We appreciate the suggestion and have expanded the last paragraph of Introduction.

The results were obtained with resnet-based models in the study and these results were not compared with other models or literature. The introduction section should be concluded with a paragraph that includes the organization of the article.

We chose the ResNet-based models because of their widespread use and success in medical imaging-based prediction and classification. In the revised manuscript, we have listed and reorganized the relevant references in the Methods Section (2.3.1).

The figure descriptions are written very long in some of them. It would be a more accurate approach to present this as a paragraph. The study should include why resnet-based models are used when many popular models exist in the literature. I think the performance metrics are low. To prove that these values are high, you must include a literature review and the performances of other models and prominently highlight the study's contributions to the literature.

Thank for the suggestion. We have reorganized the caption for Figure 2 and moved the details to the Methods Section (2.3). As indicated in the comment above, our choice of ResNet was based on its reported success for medical imaging related predictions. Potential performance improvements and future directions are added as a limitation in the Discussions section.

The study's limitations should be detailed, and the conclusion section should be expanded.

Thank you for the suggestion. We further expanded the limitation and conclusion sections in the revision.

Reviewer 3 Report

Comments and Suggestions for Authors

The paper by Xu et al describes application of DL models for the classification of breast cancer based on MRI images and patient data analysis. Theme of the study is important and unteresting to a wide range of readers. The text is easy to read and contains all required information. The authors provided data about models architecture, training process and achieved results. The main findings are described at the text while details of the study are presented in the supplementary sections; such presentation of material is very comfortable for the readers. Thus, the paper leaves positive impression. So I recommend to publish this paper after correction of minor issues:

Please provide CI values in figure 3 as well as in figuress B3-6.
Number of cited references is quite limited. I propose to add about 15 references to the studies in the field.

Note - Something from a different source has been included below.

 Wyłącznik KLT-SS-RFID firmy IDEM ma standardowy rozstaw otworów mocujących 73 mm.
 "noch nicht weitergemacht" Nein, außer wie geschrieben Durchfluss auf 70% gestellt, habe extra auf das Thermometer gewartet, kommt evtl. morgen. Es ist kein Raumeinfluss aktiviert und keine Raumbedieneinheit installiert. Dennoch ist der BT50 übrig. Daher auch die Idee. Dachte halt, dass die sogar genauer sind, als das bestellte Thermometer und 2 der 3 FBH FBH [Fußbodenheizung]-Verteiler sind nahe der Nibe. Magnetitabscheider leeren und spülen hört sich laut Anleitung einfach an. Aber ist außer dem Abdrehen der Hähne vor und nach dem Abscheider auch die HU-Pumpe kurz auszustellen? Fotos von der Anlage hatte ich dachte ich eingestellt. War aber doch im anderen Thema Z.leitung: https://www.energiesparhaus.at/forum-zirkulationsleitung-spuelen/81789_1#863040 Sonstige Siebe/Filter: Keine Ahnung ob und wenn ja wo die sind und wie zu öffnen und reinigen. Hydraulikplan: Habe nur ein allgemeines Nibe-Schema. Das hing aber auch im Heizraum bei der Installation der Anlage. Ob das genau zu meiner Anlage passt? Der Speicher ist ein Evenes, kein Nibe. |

Such references may be added in the discussion section.
Couclusion is very limited and too general. Please add exact obtained values and some ideas about further implementation of the proposed method into clinical practice.

Author Response

Please provide CI values in figure 3 as well as in figures B3-6.

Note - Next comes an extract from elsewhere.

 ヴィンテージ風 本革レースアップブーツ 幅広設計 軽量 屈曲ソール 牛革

Figure 3 summarizes B3 and B6. Including the confidence intervals (CIs) for each model within the figure would make the figure very busy and difficult to read. In the revised manuscript, we clarified that the CIs for each model in Figure 3 can be found in the appendix figures.

Number of cited references is quite limited. I propose to add about 15 references to the studies in the field. Such references may be added in the discussion section.

Thank you for the suggestion. We have incorporated the reference suggested by Reviewer 1 to enhance the clinical relevance of our study. The revised manuscript now includes a total of 36 references, which is comparable to most publications in Cancers.

Conclusion is very limited and too general. Please add exact obtained values and some ideas about further implementation of the proposed method into clinical practice.

Thank you for the suggestion. We expanded the limitation and conclusion section in the revised manuscript as suggested.